Проведя 1849–1850 академический год в этом маленьком колледже на западе штата Нью-Йорк, я поступил в Йель. Это было ближе к моему идеалу; ибо его профессора были более выдающимися, оборудование — более адекватным, студенты — более многочисленными, а общий размах — более широким. Но он все еще был далеко позади моих мечтах. Его единственный курс классики и математики, через который всех студентов прогоняли одинаково, независимо от их вкусов, способностей и целей; его замена зубрежки грамматики древней литературой; отсутствие какого-либо преподавания современной литературы; замена изложения учебников на преподавание истории — все это было далеко от моего идеала. Более того, Йель в то время гораздо больше находился под конфессиональным контролем, чем теперь: его президент, как тогда предполагалось, непременно должен был быть конгрегационалистским священником; его профессора, как правило, являлись членами той же секты, а его тьюторы, которым наше обучение в течение первых двух лет было почти полностью вверено, были студентами конгрегационалистской богословской школы.

Кроме того, его внешний вид был убогим и бедным. Длинный ряд кирпичных бараков, самых дешевых из тех, что можно было построить за деньги, отталкивал меня. Какой контраст с Оксфордом и Кембриджем и, прежде всего, с моими воздушными замками! Правда, было две архитектурные отдушины: одна — библиотечное здание, построенное как раз перед моим приездом, а другая — зал выпускников (Alumni Hall), начатый вскоре после этого. Они были из камня, и я испытывал особую радость от гротескных готических голов на карнизах библиотечных башен и от маленьких решетчатых окон в задней части зала выпускников. И то, и другое казалось мне чертами, достойными «колледжей и залов былых времен».

Единственным искупляющим элементом во всем этом было его окружение — «лужайка» с великолепными аллеями, осененными вязами; дополнительное очарование придавали Восточная и Западная скалы (East and West Rock), а также виды через гавань Нью-Хейвена на пролив Лонг-Айленд. Среди этих пейзажей я воздвиг новые воздушные замки. Прежде всего, большой четырехугольный двор, не слишком отличающийся от того, что сейчас строится в Йеле, и в качестве главного элемента — въездная башня, подобная воздвигнутой впоследствии в память о Уильяме Уолтере Фелпсе, но, в отличие от нее, украшенная статуями в нишах и на консолях, подобно статуям на входной башне Тринити в Кембридже, — статуями старых йельских деятелей, таких как Элию Йейл в костюме георгианской эпохи, епископ Беркли в мантии, президент Дуайт в женевской тоге и Натан Хейл в кандалах. В моей мечте была и другая особенность, которую никто пока не пытался воплотить в жизнь, — высокая кампанила, которую я помещал то на пересечении Колледж-стрит и Черч-стрит, то на пересечении Колледж-стрит и Элм-стрит, — часовая башня, с гордостью взирающая вниз по склону на суету города и несущая глубокий колокольный звон.

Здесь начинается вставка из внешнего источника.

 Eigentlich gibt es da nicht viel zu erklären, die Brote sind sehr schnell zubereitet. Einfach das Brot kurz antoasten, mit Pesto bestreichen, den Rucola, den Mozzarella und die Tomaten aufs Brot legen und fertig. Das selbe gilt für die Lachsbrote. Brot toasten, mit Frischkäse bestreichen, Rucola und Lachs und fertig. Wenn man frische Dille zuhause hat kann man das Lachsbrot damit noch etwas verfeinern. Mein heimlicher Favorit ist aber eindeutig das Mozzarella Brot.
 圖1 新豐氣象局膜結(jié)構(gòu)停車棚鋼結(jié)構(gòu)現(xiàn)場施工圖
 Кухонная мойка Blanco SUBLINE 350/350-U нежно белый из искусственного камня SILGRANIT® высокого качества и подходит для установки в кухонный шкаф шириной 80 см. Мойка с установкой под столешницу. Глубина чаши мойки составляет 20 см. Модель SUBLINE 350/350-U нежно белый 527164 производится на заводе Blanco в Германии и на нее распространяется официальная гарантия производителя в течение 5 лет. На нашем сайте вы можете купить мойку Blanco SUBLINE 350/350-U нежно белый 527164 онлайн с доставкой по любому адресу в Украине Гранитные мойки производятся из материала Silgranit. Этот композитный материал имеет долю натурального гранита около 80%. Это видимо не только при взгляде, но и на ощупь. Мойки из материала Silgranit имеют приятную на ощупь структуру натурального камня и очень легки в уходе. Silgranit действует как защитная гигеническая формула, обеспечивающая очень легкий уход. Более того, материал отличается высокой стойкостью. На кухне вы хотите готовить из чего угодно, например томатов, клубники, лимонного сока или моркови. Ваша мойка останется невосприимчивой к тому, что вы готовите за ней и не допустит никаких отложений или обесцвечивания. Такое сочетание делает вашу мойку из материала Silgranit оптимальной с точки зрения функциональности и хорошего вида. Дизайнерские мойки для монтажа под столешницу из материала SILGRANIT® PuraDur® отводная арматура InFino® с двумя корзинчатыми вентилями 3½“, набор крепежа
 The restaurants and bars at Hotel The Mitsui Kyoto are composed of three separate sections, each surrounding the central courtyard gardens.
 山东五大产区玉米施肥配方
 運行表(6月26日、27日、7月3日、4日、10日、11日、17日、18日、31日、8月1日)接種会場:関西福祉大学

Мои общие представления по этому вопросу получили дальнейшее развитие благодаря книге Чарльза Астора Бристпеда «Пять лет в английском университете» и различным публикациям о студенческой жизни в Германии. Тем не менее мои взгляды на образование были донельзя несовершенными, о чем можно судить по одному обстоятельству. Новообразованная Шеффилдская научная школа только начала свою деятельность в старом доме президента перед бывшим Богословским залом на университетской лужайке; и однажды на моем выпускном курсе, глядя на нее из своего окна в Норт-Колледже, я увидел студента, изучающего цветную жидкость в пробирке. Мною овладело чувство удивления! Что бы это могло все значить? Вероятно, ни у кого из нас на всем выпускном курсе не было никакого представления о химической лаборатории, кроме как о своего рода маленькой кухне за кафедрой лектора, вроде той, в которой помощник и цветнокожий слуга готовили кислород, водород и углекислоту для лекций профессора Силлимана. Мне сказали, что эта новая лаборатория предназначена для экспериментов, и за моим удивлением последовало отвращение от того, что какое-либо человеческое существо может отдавать свое время столь суетным занятиям.

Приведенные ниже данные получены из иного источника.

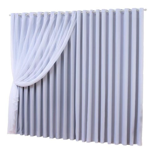 Cortina voal liso forro tecido blackout branco 5,00x2,50 Antes de efetuar a compra leia o anúncio completo para tirar todas as dúvidas Contém na embalagem 01- cortina em tecido 5,00 larg x 2,50 altIlhós quadrados e cromados prateados brilhantes Cortina aberta ao meio contendo 2 partes de 2,50 larg x 2,50 alt cada -recomendado para varao ate 4 metros.Para que ela fique franzida Com acabamento refinado toda em bainha,e com ilhós quadrados cromado, a cortina voal com forro blackout em tecido vem ganhando espaço por ser bem suave e bonita.Alem de deixar o ambiente mais elegante ajuda a manter a sensaçaoTermica do ambiente.... Tecido de expressura grossaFeita com ilhos cromados na parte da frente e preto na parte trás.Instruções de lavagem etiqueta interna do produto Bloqueia a claridade 100%Cortina blackout Observação: a foto é ilustrativa. O produto pode sofrer diferenças na tonalidade de cor, dependendo daConfiguração da tela do seu celular ou computador brilho, contraste etc. Os demais itens composto no cenário da foto varão, poltronas, tapetes , quadros etc. não estão inclusos. Direto da capital nacional do bordado Fabricaçao propria..... Composição100% poliester Marca: B.F Confecçoes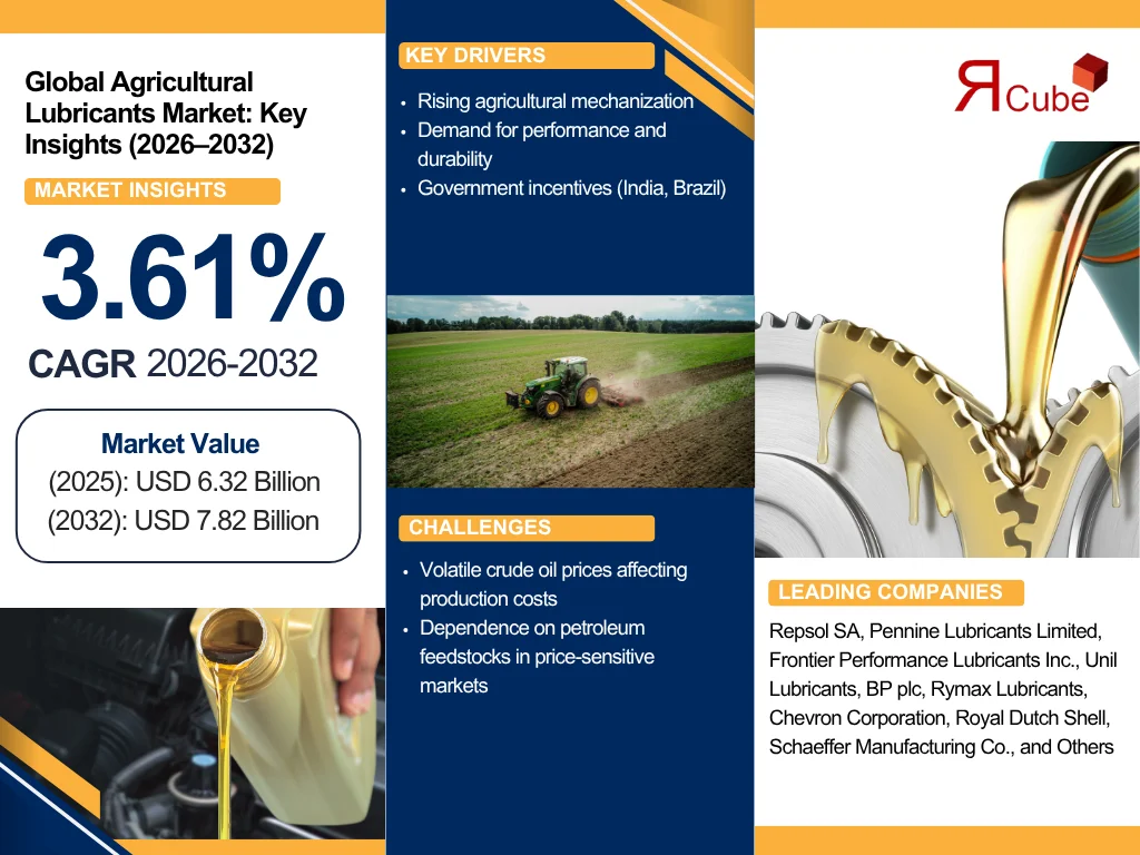 According to the latest report by The Report Cube, study Agricultural Lubricants Market is anticipated to register a CAGR of around 3.61% during the forecast period, 2026–2032. The market is valued at approximately USD 6.32 billion in 2025 and is projected to reach nearly USD 7.82 billion by 2032. This industry is undergoing noteworthy growth owing to the rising mechanization of agriculture, which motivates the demand for high-performance lubricants custom-made for agricultural equipment. As machinery, including harvesters, tractors, and other farm machinery, becomes more sophisticated, the necessity for advanced lubricants, specifically those that can withstand extreme operating conditions, has increased radically.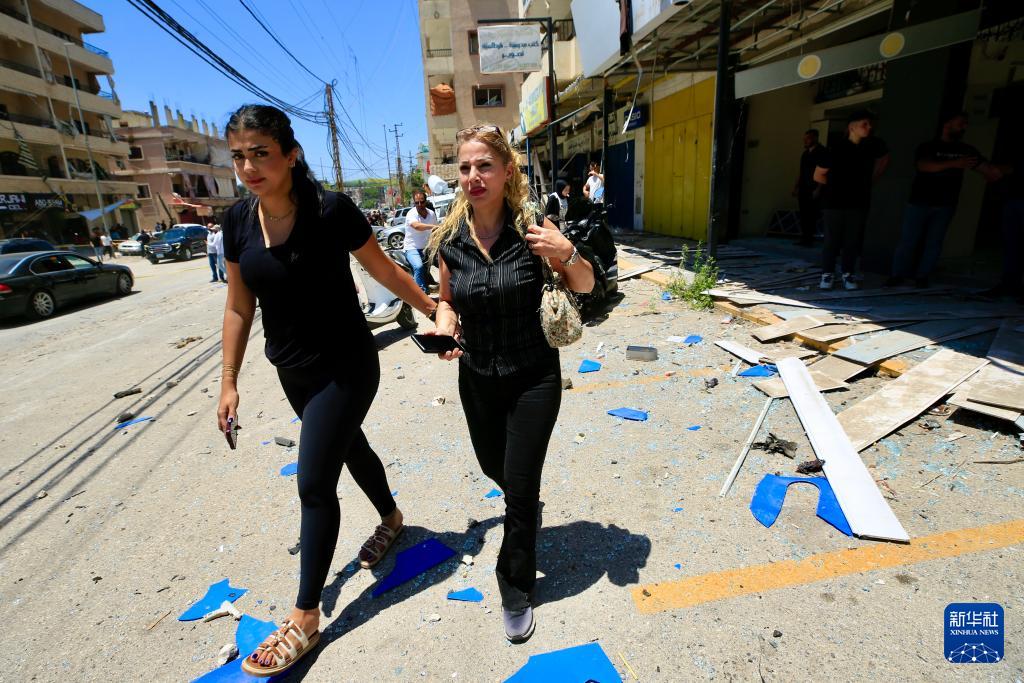 6月27日,在黎巴嫩奈拜提耶,人们走过遭以色列空袭的街区。新华社发(阿里·哈希绍摄)
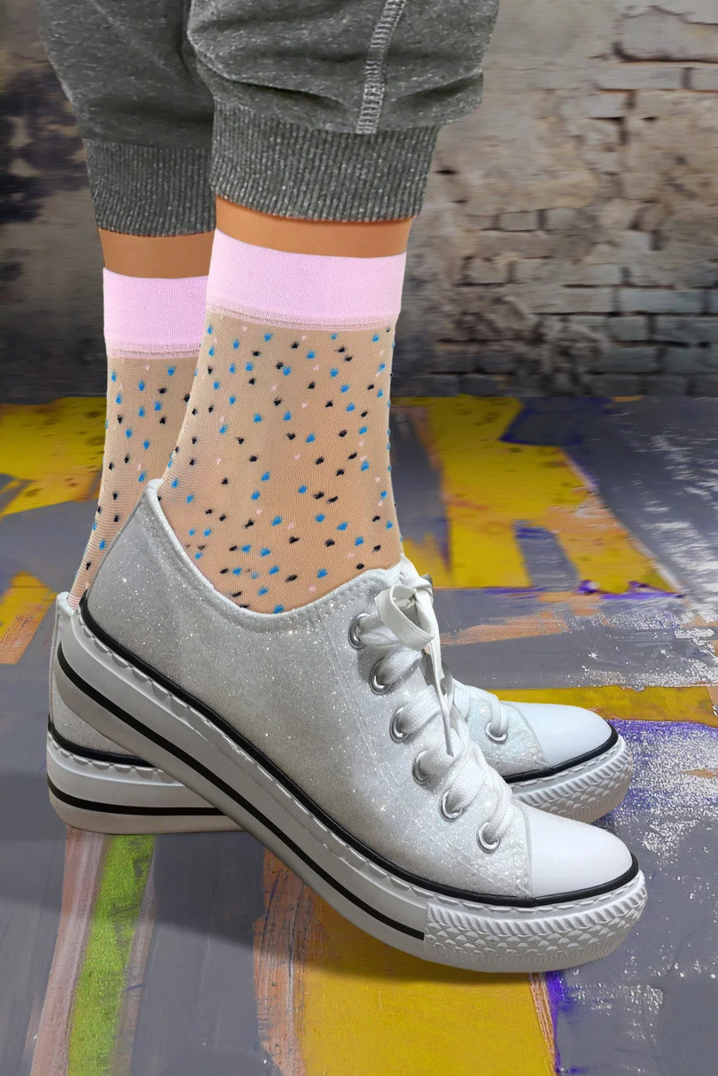 NYLONOVÁ PONOŽKA PERLEŤOVĚ RŮŽOVÁ/TEČKY UNICA

Следующий период в формировании моих представлений об университете начался после моего окончания Йельского университета во время моей первой поездки в Оксфорд. Тогда и во время последующих поездок как в Оксфорд, так и в Кембридж я не только наслаждался архитектурным великолепием этих великих очагов знаний, но и познал преимущества совместной студенческой жизни — «залов» и общей общественной жизни, которой они способствуют; «общих трапезных» и «комнат для отдыха», дающих еще более тесную связь между теми, кто наиболее непосредственно вовлечен в университетскую работу; четырехугольных дворов, создающих ощущение академического уединения даже посреди шумных городов; и всего окружения, придающего достоинство, подобающее этим огромным заведениям. Еще более заметный прогресс в моих идеях был достигнут во время посещения Сорбонны и Коллеж де Франс. В этих учреждениях в 1853–1854 годах я познакомился с французской университетской лекционной системой с ее ясностью, широтой, богатством иллюстраций и ее способностью удерживать внимание большой студенческой аудитории; и меня охватило желание перенести нечто подобное в нашу собственную страну. Мои воздушные замки теперь возводились более грандиозно и масштабно, поскольку они начали включать в себя лаборатории, музеи и даже художественные галереи.

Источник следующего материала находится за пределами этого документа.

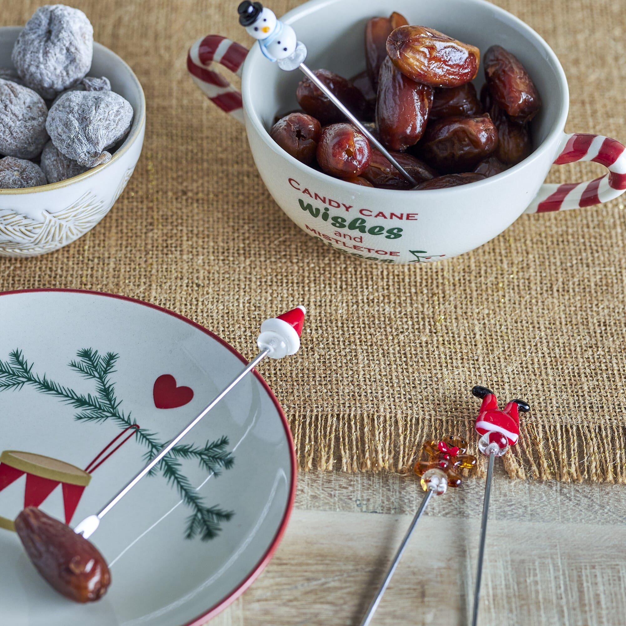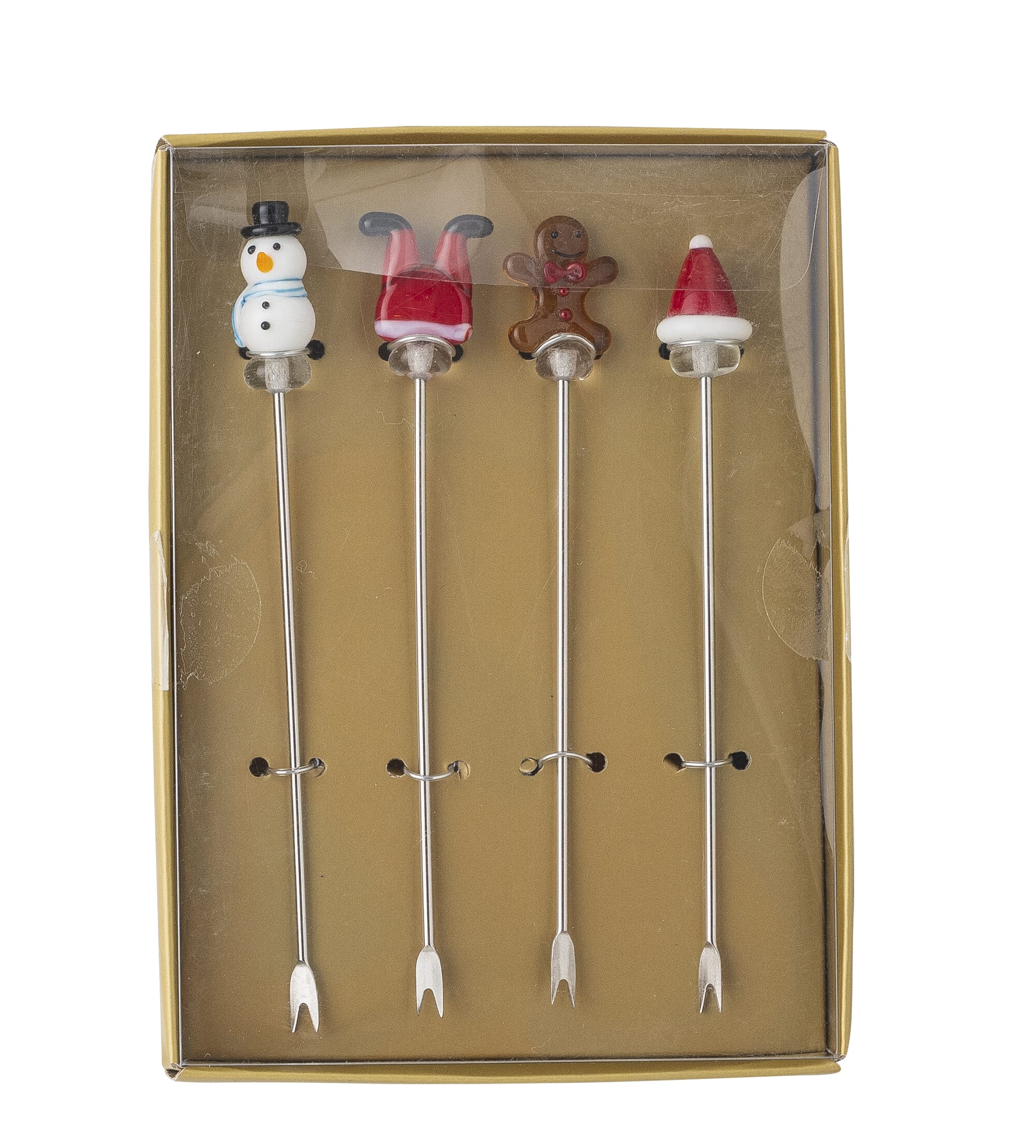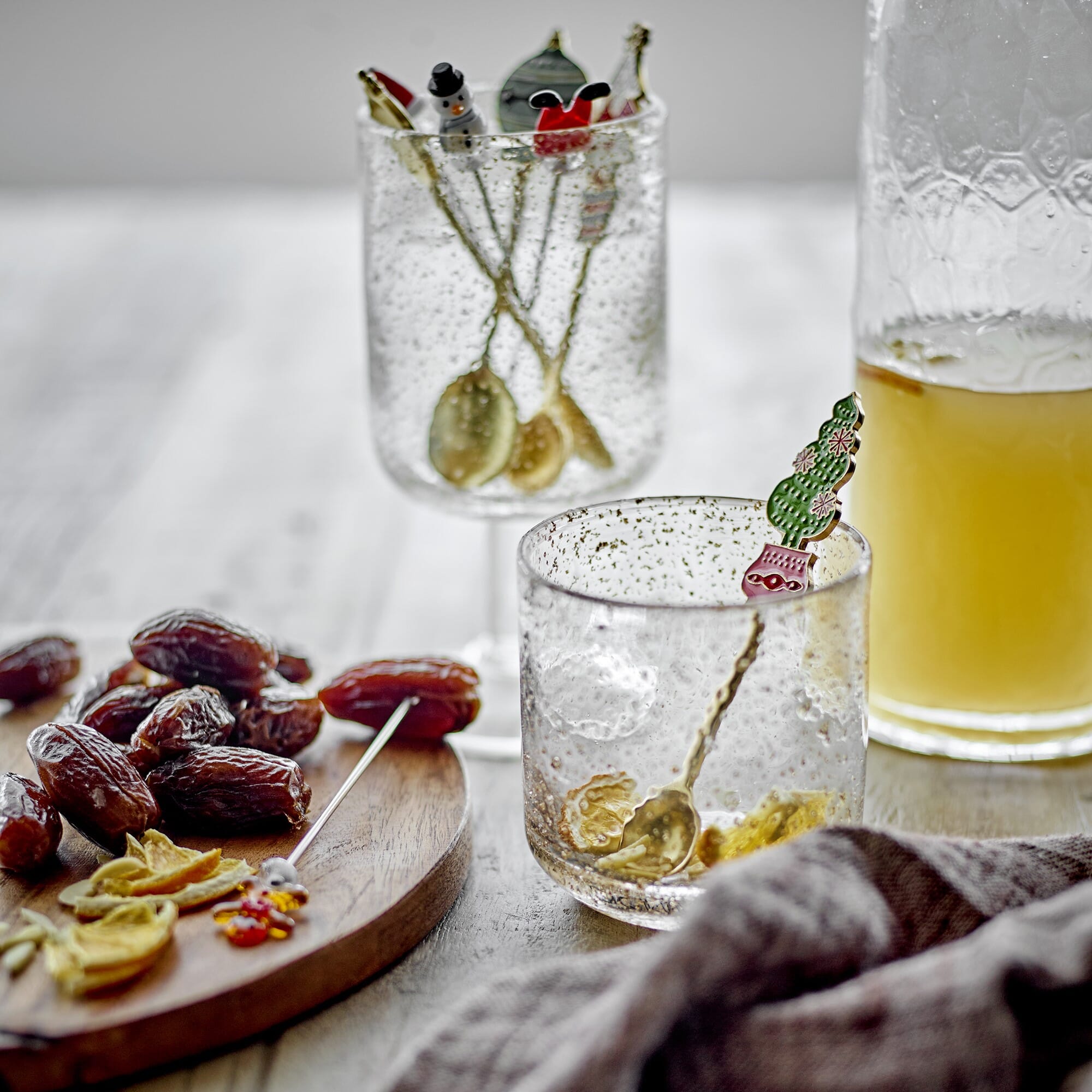 Cocktailgafflene fra Bloomingville er ikke bare en praktisk tillegg til festlige sammenkomster, men også et sjarmerende innslag på borddekkingen. Hver gaffel er dekorert med en liten glassjulefigur som fanger sesongens essens på en finurlig måte. Det munnblåste glasset gir et unikt preg, da hvert stykke er håndlaget, noe som gir små variasjoner i størrelse og form.

Даже Санкт-Петербург во время моего атташества в 1854–1855 годах внес свой вклад в эти воздушные строения. В своем дневнике за тот период я нахожу записи о том, что в разное время я наблюдал и изучал Михайловский дворец в этом городе как сооружение, очень подходящее для университета. Двадцать лет спустя, когда в качестве посланника Соединенных Штатов я навестил в том же дворце великую княгиню Екатерину, тетку императора Александра III, и упомянул при ней о своем давнем восхищении им, она рассказала мне весьма интересную историю о его постройке и о разбивке прекрасного парка вокруг него своим отцом, старым великим князем Михаилом, и согласилась со мной, что это был бы благородный дом для учебного заведения.

Моя студенческая жизнь в Берлине в течение следующего года еще больше усилила мое стремление сделать что-то для университетского образования в Соединенных Штатах. Там я увидел свой идеал университета не только воплощенным в жизнь, но и расширенным и прославленным — с известными профессорами, с просторными лекционными залами, со всем возможным набором наглядных пособий, с лабораториями, музеями и скоплением молодежи со всех концов света.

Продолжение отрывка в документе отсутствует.